Lisa was indeed a frequent visitor at Horn  - I featured her in one of my Horn Terrace newsletter photo collages as a matter of fact. Lisa also voted with the good guys when the Affordable Housing Task Force report was adopted in the summer of 1999 but amended by CM Campbell to move the proposed definition of “affordable” housing from 30% of Metro Median Income (MMI) to 50% of MMI. This latter version had the support of Mayor Sayles Belton and Council President Cherryhomes and I believe their collective evisceration of that report did grave damage to our housing situation and contributed mightily to their demise as municipal leaders.

 

Their legacy, however, lives on. Lisa’s map conforms to this official revisionism in that it has become the norm to deem such “affordable” housing (defined at 50% of MMI) the appropriate solution to very low income market demand and civic responsibility under the 1995 Land Use Planning Act (LUPA) to move toward adequate housing supply. Regretfully there are many thousands of households and individuals who are nowhere near the 50% MMI ($37,350 annual income for a family of four) for whom the officially affordable housing is intended.

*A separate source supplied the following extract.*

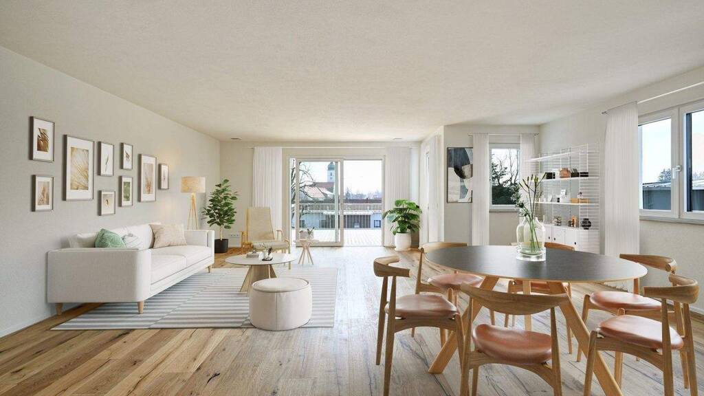 Wohnraum ist mehr als ein Dach über dem Kopf: Er ist Ausdruck von Lebensqualität und prägt das Wohlbefinden jedes Einzelnen. In Zusammenarbeit mit einem erfahrenen Architekturbüro wurde von der LaVilla-Bau GmbH das Projekt "Sieghart 20" im Zentrum von Ebersberg errichtet und im Mai 2025 fertiggestellt. Die gut durchdachten 2 – 4 Zimmer Wohnungen - wahlweise auch über 2 Etagen - mit einer Größe von ca. 76 – 132 m² zeichnen sich durch flexibel zu bewohnende Grundrisse aus. Die Wohneinheiten verteilen sich auf ein Haupthaus mit 11 Wohneinheiten und einer Tiefgarage sowie einem Rückgebäude mit nur 3 Wohneinheiten. Exklusive Innenausstattung, hochwertige Materialien und lichtdurchflutete Räume erfüllen höchste Ansprüche an Qualität und bieten Platz für individuelle Wohnkonzepte und Lebensstile von Singles, Paaren sowie kleinen als auch großen Familien. Die nach Süden ausgerichteten Balkone, Dachterrassen und Terrassen sind durch niveaugleiche Schiebetüren stufenlos zu erreichen und geben den offen gestalteten Wohn- Essbereichen eine besondere Helligkeit und Großzügigkeit. Ein weiteres Augenmerk wurde auf ausreichende Stauräume gelegt. Darüber hinaus verfügt jede Wohnung über einen separaten Hauswirtschaftsraum für Waschmaschine und Trockner. Intelligentes Heizungs- und Energiekonzept mit modernsten Luft-Wärmepumpen und großen Pufferspeichern. Zum Abdecken von etwaigen Spitzenlasten im Winter, wenn die Wärmepumpe an Effektivität einbüßt und als redundantes System wurde zusätzlich eine Gas-Brennwerttherme eingebaut. Durch eine eigene 24 kWp große PV-Anlage mit 16,8 kWh Batteriespeicher wird die Stromversorgung für die Heizung und den Allgemeinstrom unterstützt. Die Warmwasserbereitung erfolgt wohnungsweise über Frischwasserstationen zur bedarfsgerechten Erzeugung von hygienischem Warmwasser und Energieeinsparung durch Vermeidung von Bereitschaftsverlusten.
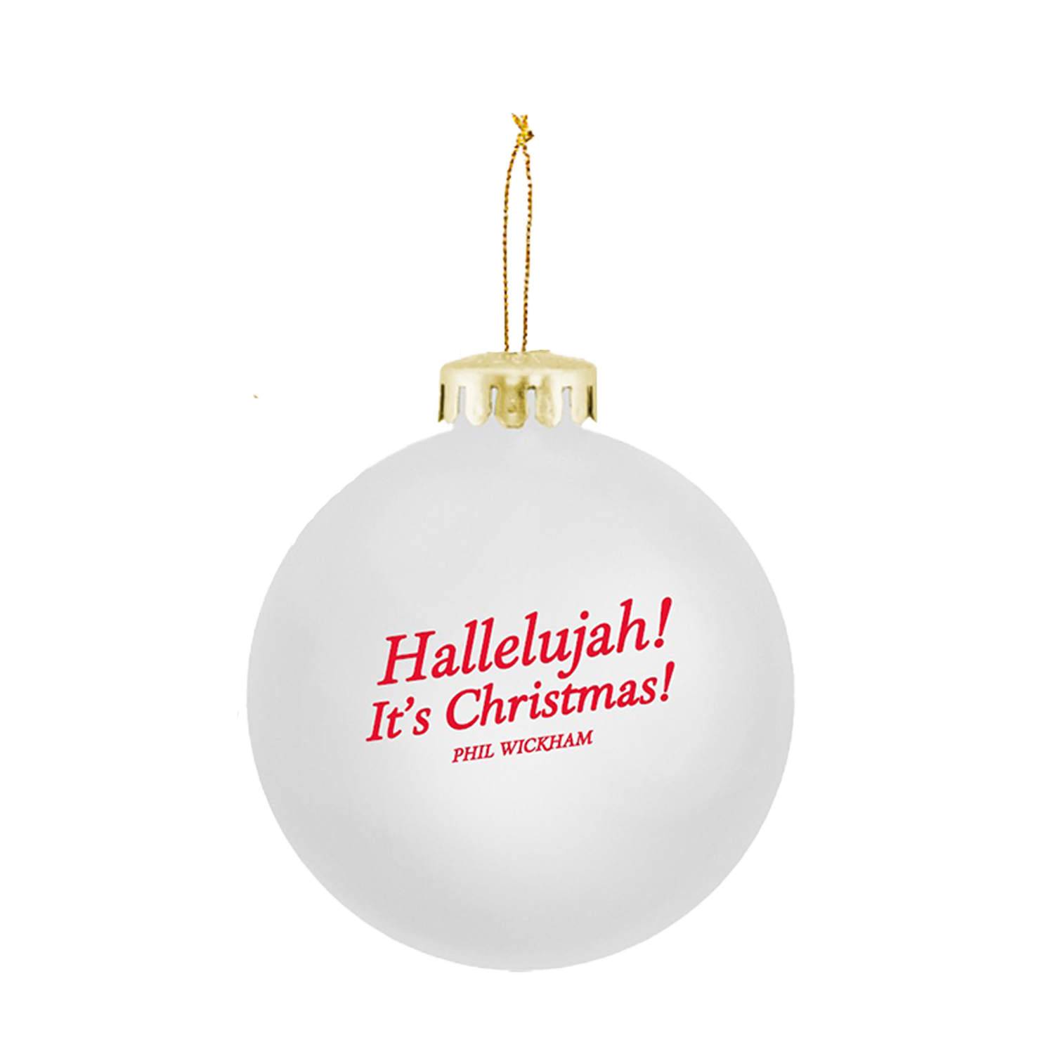 A frosted white, medium sized, glass bulb ornament with unique artwork for the "Hallelujah! It's Christmas!" album.

MPHA’s 40 highrises and its townhomes and scattered site housing are significant exceptions to this Potemkin Village situation - they operate with 30% of income rents thanks to substantial federal subsidies.

 

The Rybak administration seeks a middle road by honoring the notion that housing should be affordable at 30% of annual income but does not embrace a computation of affordable housing at 30% MMI. With no hard target, whether metropolitan median income or more realistically municipal median income which would be a substantially lower benchmark, touting the ideal of 30% of income is basically a throw-away line because we are still defining affordable housing at 50% MMI when it comes time to require 20% set-asides and other public sector requirements about including affordable housing components in new construction.

 

It would be interesting to know, for example, how many of the units in the proposed Urban Village Development on the north edge of the Midtown Greenway between Aldrich and Colfax, or maybe Dupont, which I am now told are meant to include MPHA participation, will come in at the 30% MMI level. There’s the rub in a nutshell. If this project, which is surely Lisa’s pride and joy, has a 20% inclusivity feature accomplished in part with MPHA participation but the affordable component is configured at 50% MMI, then what is happening is that the public housing authority itself is also conceivably buying into the notion that providing housing for more prosperous folks is a deemed a solution to the shortfall in housing for very low income households.

 

Not showing the big highrises on a feel-good municipal map adds to the problem by not observing the major high-density residential facilities that do come in at 30% MMI. Anyone who has not been following the affordable housing dialogue is left without that structural reminder that very low income public housing is very much in our municipal mix and, I believe, needs to expand substantially. Given the mission drift away from 30% MMI as a municipal planning goal, even conceivably by the public housing agency itself, I felt it useful to tap a sore nerve in the matter of Lisa’s map. No offense to Lisa, she’s a pip and as I’ve said, it a great map; but the intractable shortfalls are still with us and the map conveys a roseate view of our municipal scene.